— Required work —
When you copy the records, keep every word exact and leave the pictures out.

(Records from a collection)
══════════════════════════════

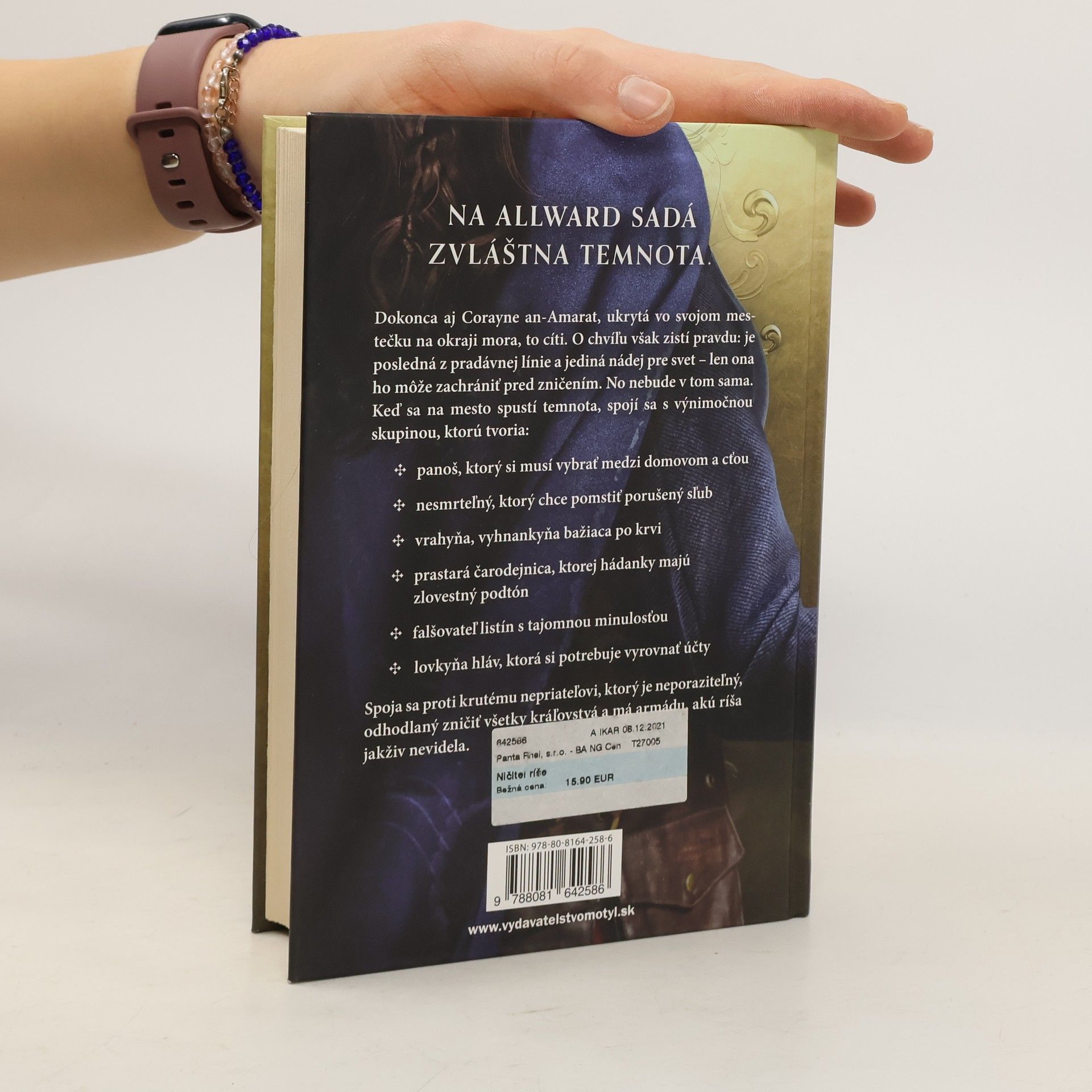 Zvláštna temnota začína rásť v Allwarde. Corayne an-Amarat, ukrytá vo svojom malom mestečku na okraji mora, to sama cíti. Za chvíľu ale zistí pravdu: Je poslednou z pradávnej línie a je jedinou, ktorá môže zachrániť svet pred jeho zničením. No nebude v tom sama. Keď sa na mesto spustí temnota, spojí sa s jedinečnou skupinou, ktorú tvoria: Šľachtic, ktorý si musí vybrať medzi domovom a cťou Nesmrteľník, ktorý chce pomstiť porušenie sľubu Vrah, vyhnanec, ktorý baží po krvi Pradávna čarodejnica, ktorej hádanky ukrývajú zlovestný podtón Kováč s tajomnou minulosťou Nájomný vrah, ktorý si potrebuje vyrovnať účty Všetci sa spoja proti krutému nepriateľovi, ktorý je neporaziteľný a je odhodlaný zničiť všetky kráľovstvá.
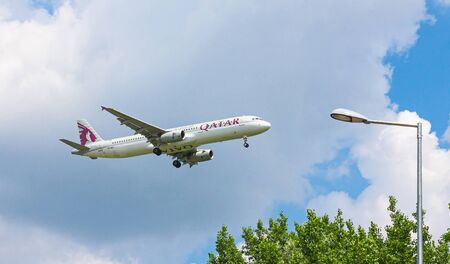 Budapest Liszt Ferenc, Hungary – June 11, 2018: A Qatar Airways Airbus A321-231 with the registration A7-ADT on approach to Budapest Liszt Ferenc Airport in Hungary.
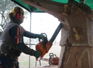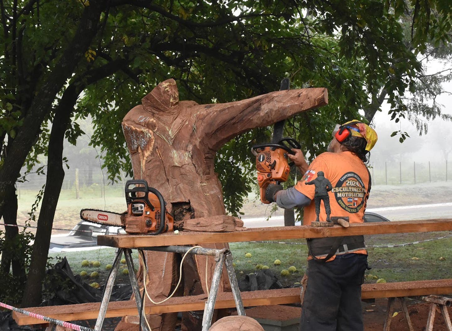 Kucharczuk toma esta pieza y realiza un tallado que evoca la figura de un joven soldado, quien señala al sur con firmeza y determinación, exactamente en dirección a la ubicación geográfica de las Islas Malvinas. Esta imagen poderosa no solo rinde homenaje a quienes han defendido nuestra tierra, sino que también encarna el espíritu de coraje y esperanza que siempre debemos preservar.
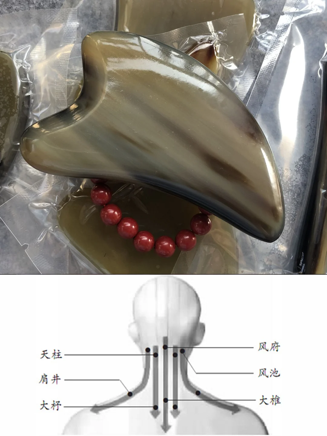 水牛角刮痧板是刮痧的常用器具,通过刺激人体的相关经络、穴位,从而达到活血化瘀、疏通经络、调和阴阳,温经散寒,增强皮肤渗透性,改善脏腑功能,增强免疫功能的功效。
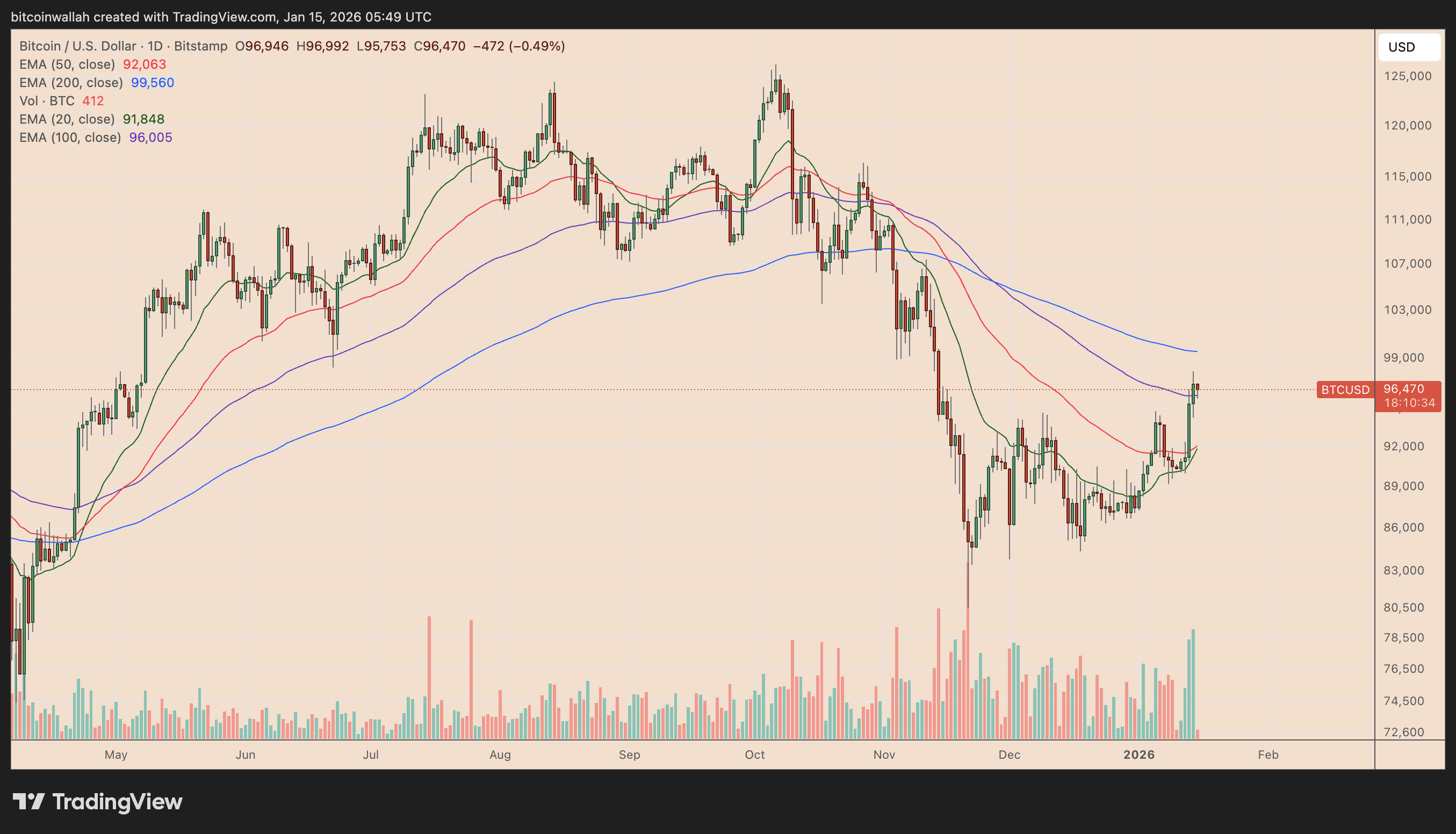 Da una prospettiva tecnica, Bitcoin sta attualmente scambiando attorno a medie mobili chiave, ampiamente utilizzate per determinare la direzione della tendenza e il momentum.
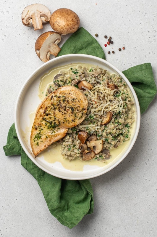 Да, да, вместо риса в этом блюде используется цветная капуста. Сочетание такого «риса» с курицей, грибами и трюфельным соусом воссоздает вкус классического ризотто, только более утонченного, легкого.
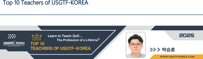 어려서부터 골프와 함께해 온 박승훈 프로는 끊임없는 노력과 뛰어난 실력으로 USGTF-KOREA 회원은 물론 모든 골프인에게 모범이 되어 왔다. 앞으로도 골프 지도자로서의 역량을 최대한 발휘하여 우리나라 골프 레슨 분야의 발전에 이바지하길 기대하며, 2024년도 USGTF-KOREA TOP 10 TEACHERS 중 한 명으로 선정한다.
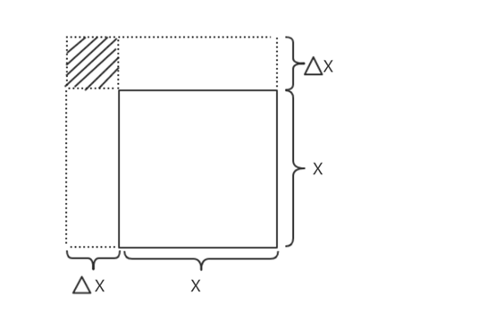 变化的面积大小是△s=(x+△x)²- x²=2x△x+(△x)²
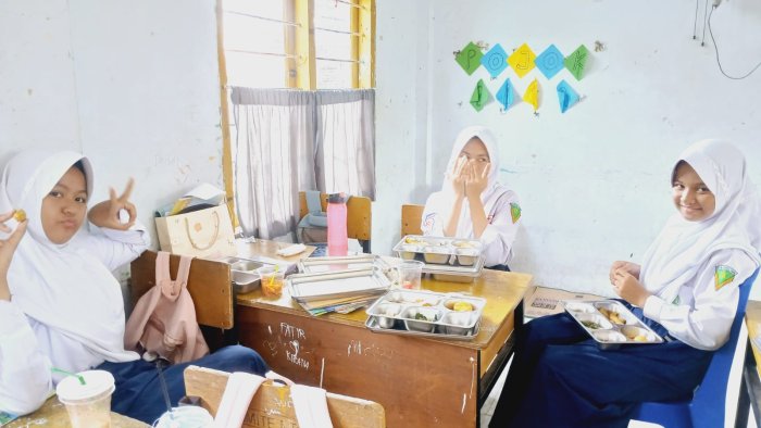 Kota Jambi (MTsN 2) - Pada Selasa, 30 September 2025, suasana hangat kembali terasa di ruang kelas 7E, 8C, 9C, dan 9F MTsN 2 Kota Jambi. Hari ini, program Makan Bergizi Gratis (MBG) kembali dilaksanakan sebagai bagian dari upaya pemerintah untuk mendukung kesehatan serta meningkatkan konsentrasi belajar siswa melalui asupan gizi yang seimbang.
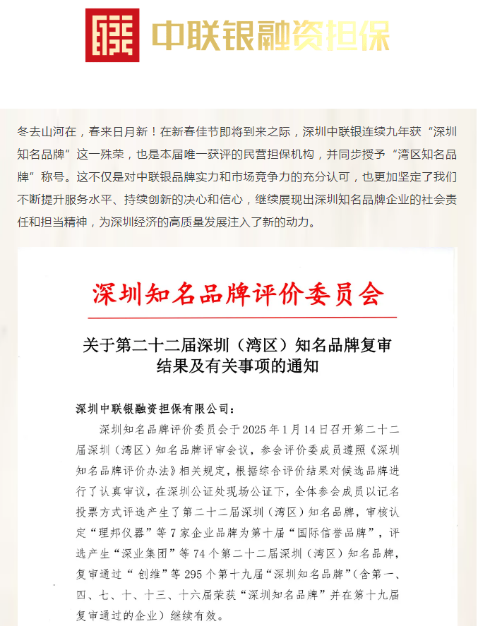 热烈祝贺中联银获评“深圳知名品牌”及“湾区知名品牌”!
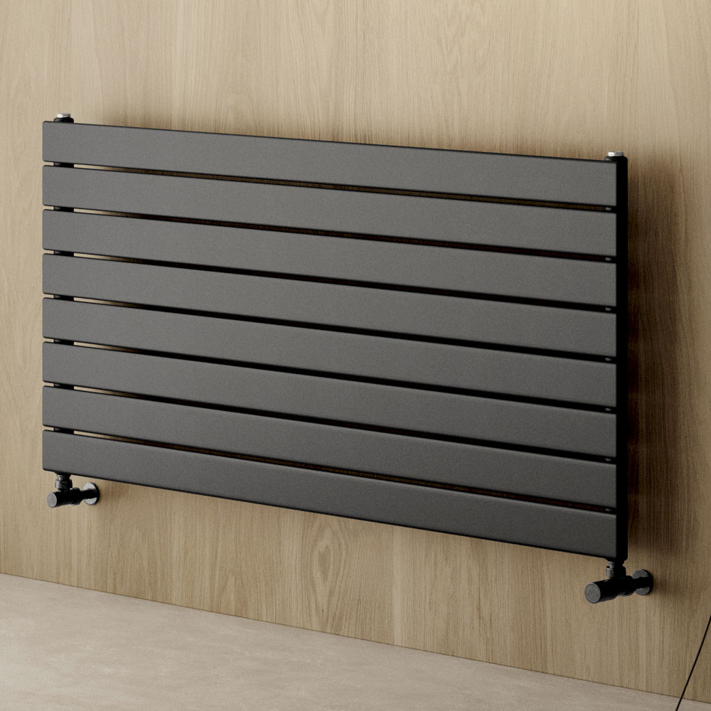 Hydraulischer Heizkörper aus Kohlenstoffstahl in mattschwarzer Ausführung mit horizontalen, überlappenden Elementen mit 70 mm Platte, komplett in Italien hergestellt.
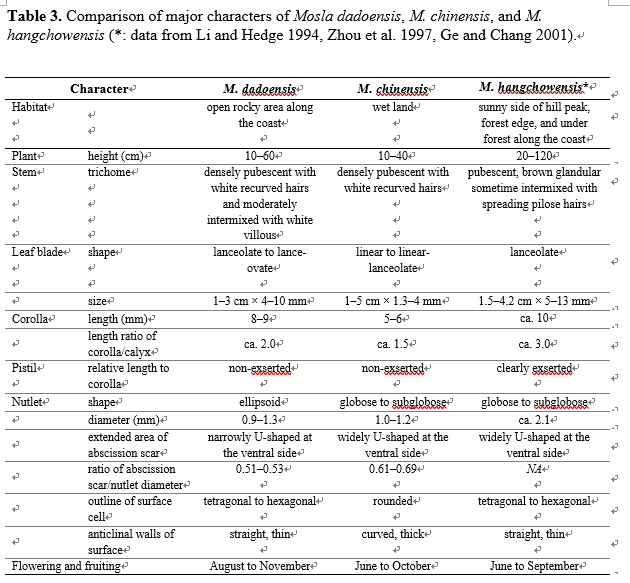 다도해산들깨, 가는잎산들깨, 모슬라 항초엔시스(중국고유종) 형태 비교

══════════════════════════════

— Response —
 Zvláštna temnota začína rásť v Allwarde. Corayne an-Amarat, ukrytá vo svojom malom mestečku na okraji mora, to sama cíti. Za chvíľu ale zistí pravdu: Je poslednou z pradávnej línie a je jedinou, ktorá môže zachrániť svet pred jeho zničením. No nebude v tom sama. Keď sa na mesto spustí temnota, spojí sa s jedinečnou skupinou, ktorú tvoria: Šľachtic, ktorý si musí vybrať medzi domovom a cťou Nesmrteľník, ktorý chce pomstiť porušenie sľubu Vrah, vyhnanec, ktorý baží po krvi Pradávna čarodejnica, ktorej hádanky ukrývajú zlovestný podtón Kováč s tajomnou minulosťou Nájomný vrah, ktorý si potrebuje vyrovnať účty Všetci sa spoja proti krutému nepriateľovi, ktorý je neporaziteľný a je odhodlaný zničiť všetky kráľovstvá.
 Budapest Liszt Ferenc, Hungary – June 11, 2018: A Qatar Airways Airbus A321-231 with the registration A7-ADT on approach to Budapest Liszt Ferenc Airport in Hungary.
 Kucharczuk toma esta pieza y realiza un tallado que evoca la figura de un joven soldado, quien señala al sur con firmeza y determinación, exactamente en dirección a la ubicación geográfica de las Islas Malvinas. Esta imagen poderosa no solo rinde homenaje a quienes han defendido nuestra tierra, sino que también encarna el espíritu de coraje y esperanza que siempre debemos preservar.
 水牛角刮痧板是刮痧的常用器具,通过刺激人体的相关经络、穴位,从而达到活血化瘀、疏通经络、调和阴阳,温经散寒,增强皮肤渗透性,改善脏腑功能,增强免疫功能的功效。
 Da una prospettiva tecnica, Bitcoin sta attualmente scambiando attorno a medie mobili chiave, ampiamente utilizzate per determinare la direzione della tendenza e il momentum.
 Да, да, вместо риса в этом блюде используется цветная капуста. Сочетание такого «риса» с курицей, грибами и трюфельным соусом воссоздает вкус классического ризотто, только более утонченного, легкого.
 어려서부터 골프와 함께해 온 박승훈 프로는 끊임없는 노력과 뛰어난 실력으로 USGTF-KOREA 회원은 물론 모든 골프인에게 모범이 되어 왔다. 앞으로도 골프 지도자로서의 역량을 최대한 발휘하여 우리나라 골프 레슨 분야의 발전에 이바지하길 기대하며, 2024년도 USGTF-KOREA TOP 10 TEACHERS 중 한 명으로 선정한다.
 变化的面积大小是△s=(x+△x)²- x²=2x△x+(△x)²
 Kota Jambi (MTsN 2) - Pada Selasa, 30 September 2025, suasana hangat kembali terasa di ruang kelas 7E, 8C, 9C, dan 9F MTsN 2 Kota Jambi. Hari ini, program Makan Bergizi Gratis (MBG) kembali dilaksanakan sebagai bagian dari upaya pemerintah untuk mendukung kesehatan serta meningkatkan konsentrasi belajar siswa melalui asupan gizi yang seimbang.
 热烈祝贺中联银获评“深圳知名品牌”及“湾区知名品牌”!
 Hydraulischer Heizkörper aus Kohlenstoffstahl in mattschwarzer Ausführung mit horizontalen, überlappenden Elementen mit 70 mm Platte, komplett in Italien hergestellt.
 다도해산들깨, 가는잎산들깨, 모슬라 항초엔시스(중국고유종) 형태 비교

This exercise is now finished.